RAS Inhibitor Resistance in PDAC at AACR 2025
At the AACR 2025 Annual Meeting in Chicago, Dr. Andrew Aguirre from the Dana-Farber Cancer Institute presented findings on RAS inhibitor resistance in PDAC (pancreatic ductal adenocarcinoma). This cancer type has a 5-year survival rate of 10% and is often driven by KRAS mutations, which are found in 95% of cases. Understanding resistance to RAS inhibitors is important for improving treatment outcomes in PDAC. This post summarizes the OncologyTube video covering Dr. Aguirre’s session, focusing on resistance mechanisms, challenges, and future research directions.
The Role of RAS in PDAC
RAS proteins, especially KRAS, are key drivers of PDAC tumor growth. They activate pathways such as RAF-MEK-ERK, which supports cell proliferation, and PI3K-AKT, which contributes to cell survival. When RAS inhibitors are used, resistance often develops, making treatment difficult. This resistance is a significant challenge in PDAC, where standard therapies have limited effectiveness due to the tumor’s biology.

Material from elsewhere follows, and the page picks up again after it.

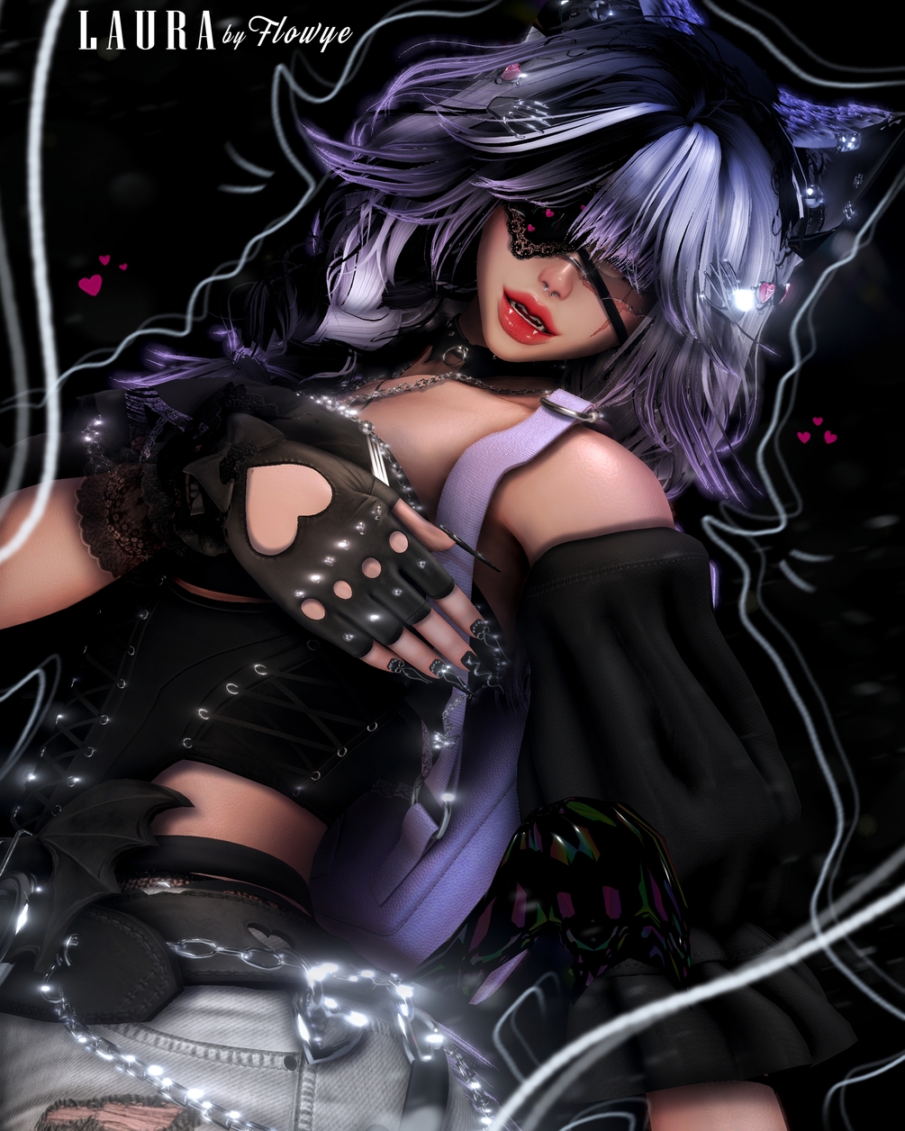 Accessories: Wrist laces ; Puffy sleeves ; Bat strings ; Backpack ; Belt ; Face Piercings ; Choker ; Earrings ; Cat Ears ; Garter ; Glasses ; Belt ; Hips chain ; Leg ribbon ; Top harness ; Rings ; Bottom harness ; Leg warmers ; Necklace ; Pom poms ; Body piercings ; Wings ; Pasties ; Tail ; Coffin bed follower ; Hand trails ; Bat follower ; Bubblegum system ; Corset ; Book ; Bat ears ; Earrings 2 ; Eyepatch ; Hair clips ; Skelly pins ; Head wings ; Headband ; Hair bows ; Functional Umbrella .

Resistance Mechanisms to RAS Inhibitors
Dr. Aguirre, a researcher at the Dana-Farber Cancer Institute, shared a diagram of RAS inhibitor resistance in PDAC, which is detailed in the OncologyTube video:
- Activating Mutations (Green Arrows): Mutations in EGFR and HER2 can bypass RAS inhibition, allowing cancer cells to continue growing.
- Inactivating Mutations (Red Lines): Loss of PTEN increases PI3K signaling, supporting tumor survival.
- Amplifications (Blue Labels): Amplification of MET provides an alternative growth pathway.
- Transcriptional Dysregulation (Purple Labels): Dysregulation of YAP/TAZ contributes to resistance by supporting survival mechanisms.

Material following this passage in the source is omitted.